SINGAPURA – Menteri Pendidikan Dasar dan Menengah (Mendikdasmen) Abdul Mu’ti menghadiri 14th ASEAN Education Ministers Meeting (ASED) di Singapura pada 22 Juli 2026. Pertemuan para menteri pendidikan negara-negara ASEAN tersebut membahas berbagai isu strategis, mulai dari pemanfaatan Artificial Intelligence (AI), penguatan pendidikan Science, Technology, Engineering, and Mathematics (STEM), hingga pengembangan karakter peserta didik.
Forum yang mengusung tema “Strengthening ASEAN through Education” ini menjadi wadah bagi negara-negara ASEAN untuk memperkuat kerja sama pendidikan dalam menghadapi tantangan global dan perkembangan teknologi.
ASEAN Luncurkan Work Plan on Education 2026–2030
Salah satu agenda utama dalam pertemuan tersebut adalah peluncuran ASEAN Work Plan on Education 2026–2030.
Rencana kerja ini menjadi pedoman bersama bagi negara-negara ASEAN dalam membangun sistem pendidikan yang lebih inklusif, komprehensif, dan transformatif selama lima tahun ke depan.
Menurut Abdul Mu’ti, pendidikan merupakan fondasi utama dalam membangun masyarakat ASEAN yang tangguh, adaptif, dan siap menghadapi perubahan zaman.
AI, STEM, dan Pendidikan Karakter Jadi Fokus Utama
Dalam forum tersebut, Abdul Mu’ti menegaskan bahwa perkembangan teknologi yang sangat pesat menuntut dunia pendidikan untuk membekali peserta didik dengan pengetahuan, keterampilan, karakter, dan kemampuan beradaptasi.
Sementara itu, Menteri Desmond Lee menyampaikan bahwa pendidikan tidak hanya menjadi kunci kemajuan setiap negara, tetapi juga memperkuat hubungan antarnegara ASEAN.

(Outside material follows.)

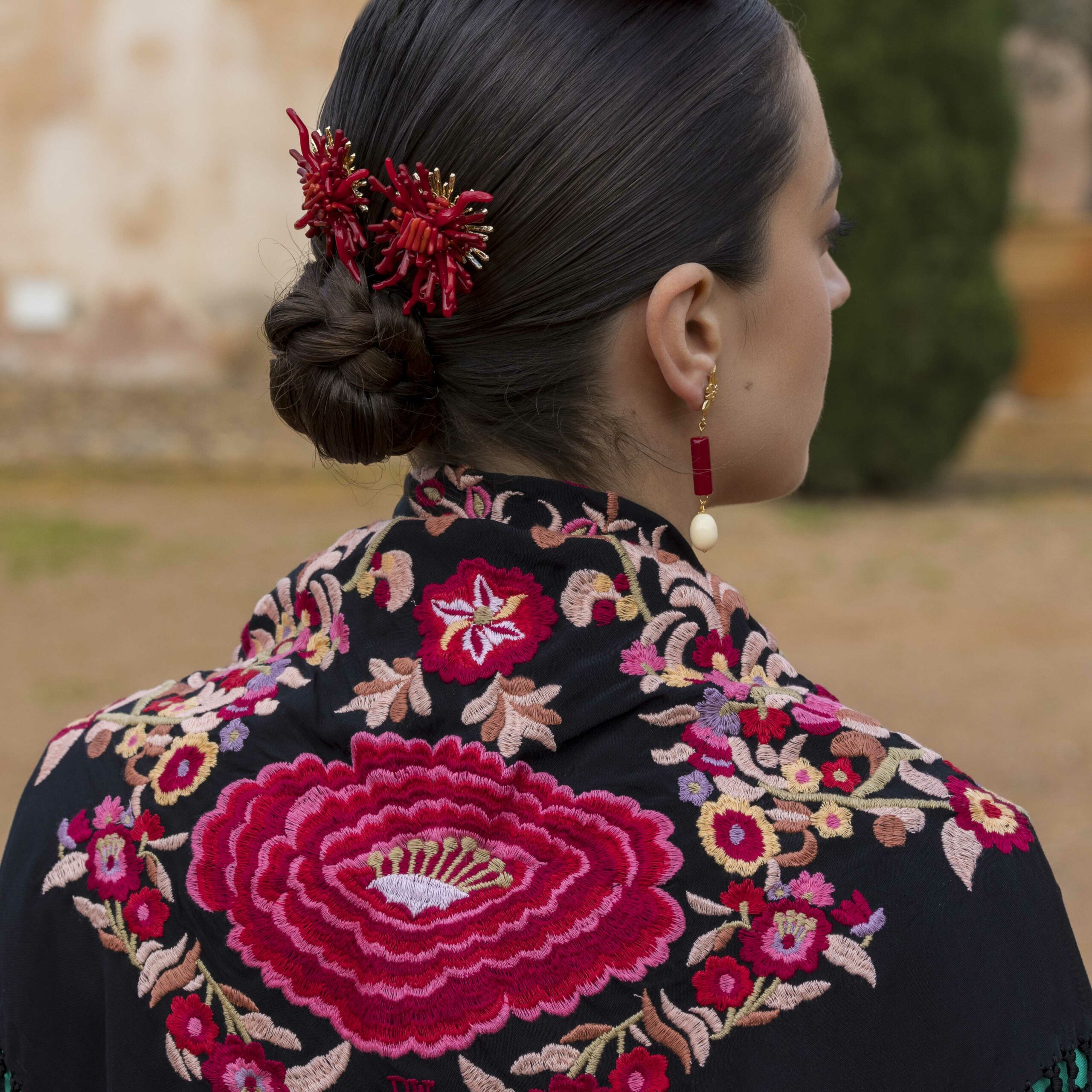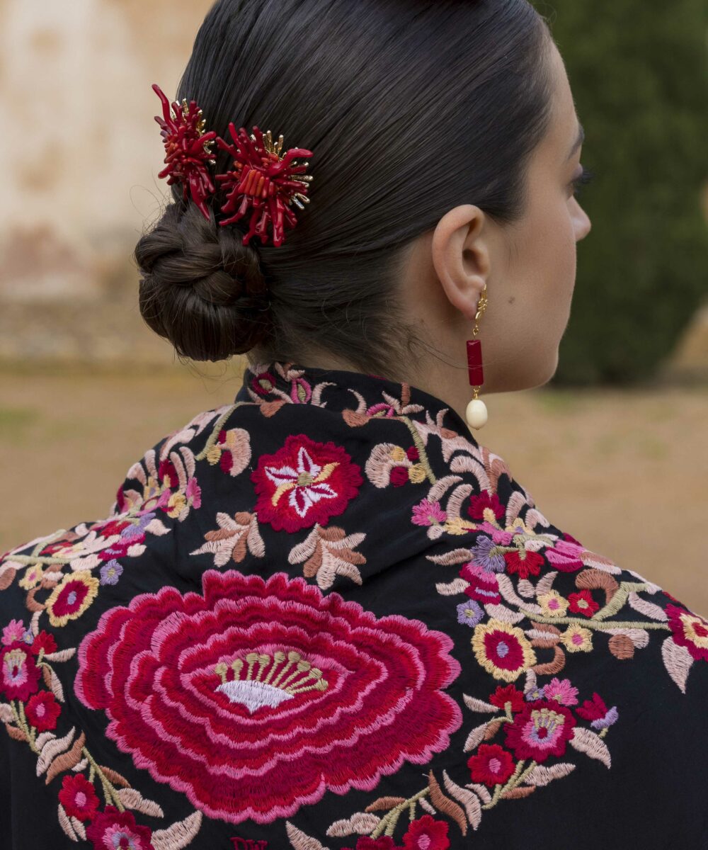 Además, no olvides explorar nuestra colección de complementos, como pendientes y peinecillos, diseñados y fabricados por nuestra marca aquí en el taller. ¡Atrévete a lucir única y elegante en la próxima feria con el Mantoncillo Lola DW en negro!
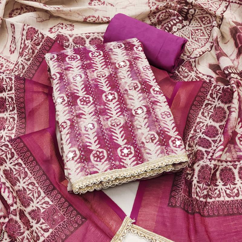 | Product Name | Magenta Linen Cotton Printed Unstitched Dress Material | |

Ia menjelaskan terdapat tiga prioritas utama pengembangan pendidikan ASEAN ke depan, yaitu:
- Pemanfaatan Artificial Intelligence (AI) dalam pembelajaran.
- Penguatan pendidikan STEM.
- Pengembangan karakter peserta didik agar siap menghadapi tantangan masa depan.
Delegasi Indonesia Kunjungi Sekolah Berbasis AI di Singapura
Selain mengikuti sidang para menteri pendidikan ASEAN, delegasi Indonesia juga mengunjungi North Vista Primary School di Singapura.
Kunjungan tersebut bertujuan melihat secara langsung implementasi pembelajaran berbasis AI dan STEM, termasuk pemanfaatan makerspace, yaitu ruang belajar tempat peserta didik melakukan eksperimen dan mengubah teori menjadi praktik nyata.
Singapura Perkenalkan Program Kolaborasi Pendidikan ASEAN
Untuk mendukung implementasi ASEAN Work Plan on Education 2026–2030, Singapura juga memperkenalkan sejumlah program kolaborasi pendidikan, antara lain:
- ASEAN Plus 3 STEM Camp
- ASEAN Student Adventure Camp
- ASEAN Values Education Network for Unity and Engagement (AVENUE)
Program-program tersebut diharapkan dapat memperkuat kolaborasi pendidikan antarnegara ASEAN sekaligus meningkatkan kompetensi generasi muda dalam menghadapi perkembangan teknologi dan tantangan global.